Jeff Green Partners

Lifestyle Center Developers Apply Lessons Learned During the Downturn

Lifestyle Center Developers Apply Lessons Learned During the Downturn

Elaine Misonzhnik / Retail Traffic

During the past decade, lifestyle centers proliferated quickly. In 2001, lifestyle centers comprised 0.8 percent of total U.S. retail GLA, with 192 properties containing 49 million square feet, according to data compiled for ICSC by the CoStar Group, a Bethesda, Md.-based research firm. Today, lifestyle centers make up 1.77 percent of the retail universe, with 455 centers featuring 127.8 million square feet. While the amount of total shopping center space in the U.S. grew 18 percent during the past decade, to 7.2 billion square feet, the amount of lifestyle center space increased 161 percent.

Given the new market realities, however, roughly 40 percent of those centers might ultimately prove unviable and will have to be converted to other uses, says Jeff Green, president of Jeff Green Partners, a Mill Valley, Calif.-based real estate consulting firm.
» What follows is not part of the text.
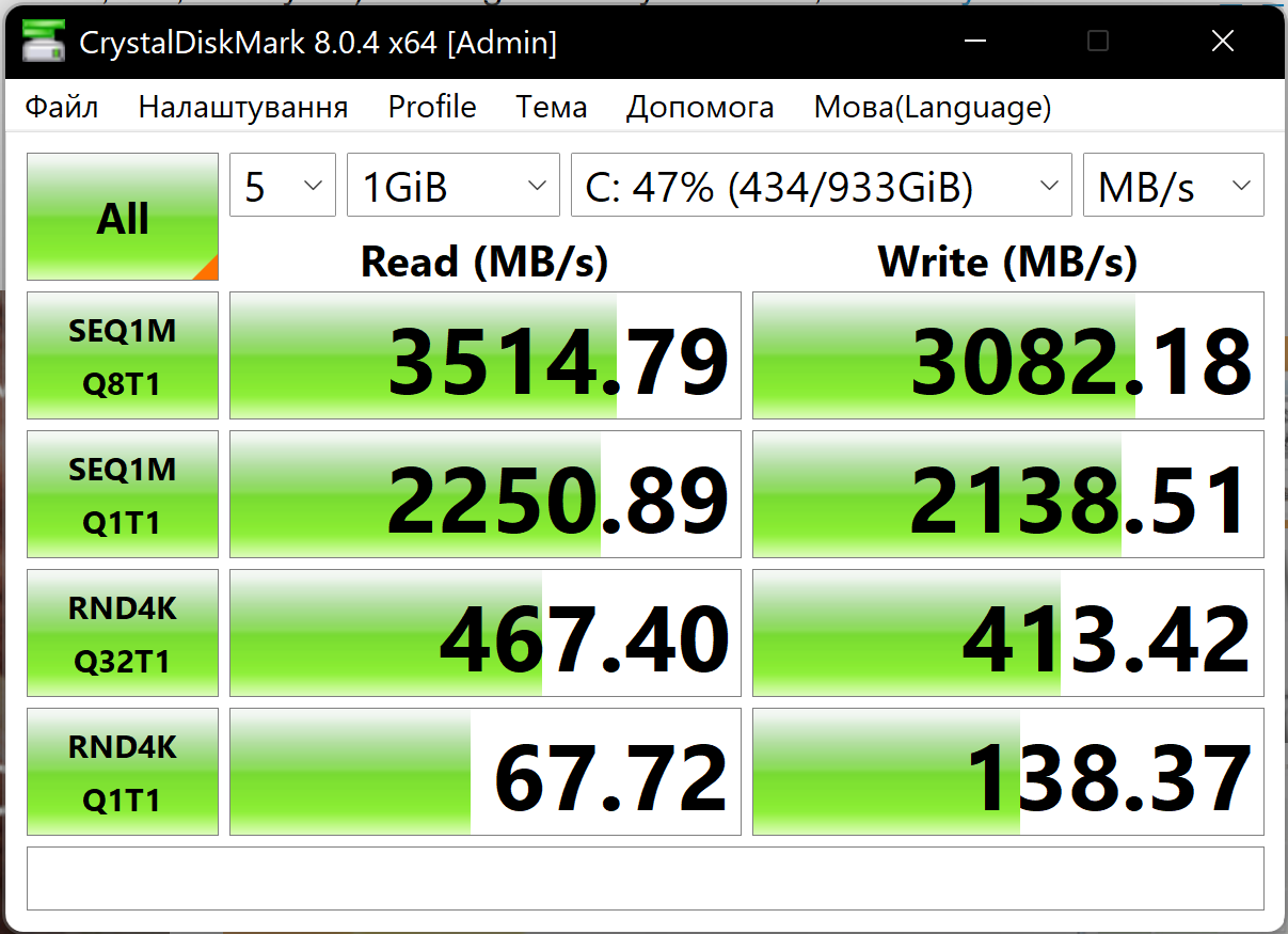 Накопитель подключается по интерфейсу SATA 3через разъём М.2. Вот результаты бенчмарка скорости записи и чтения c SSD: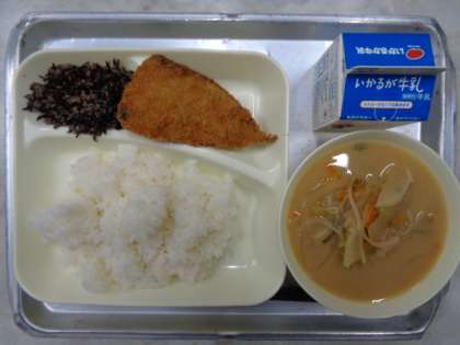 💎いわしフライ💎みそしる💎ぎゅうひじきそぼろ💎ごはん💎ぎゅうにゅう

Because lifestyle centers rely primarily on high-end, discretionary tenants they need to be located in markets with appropriate demographics and draw from a wide trade area in order to deliver positive NOI, Green notes. Many of the centers that came on line in the past few years did not meet the criteria. In addition, many lifestyle center developers devoted all of their space to traditional in-line tenants and dispensed with traditional anchors that would bring in the needed shopper traffic day-to-day. This strategy made sense during the boom years, when a line-up of solid specialty retailers was still attractive to consumers. In a recession, however, people have needed more of a reason to visit lifestyle properties.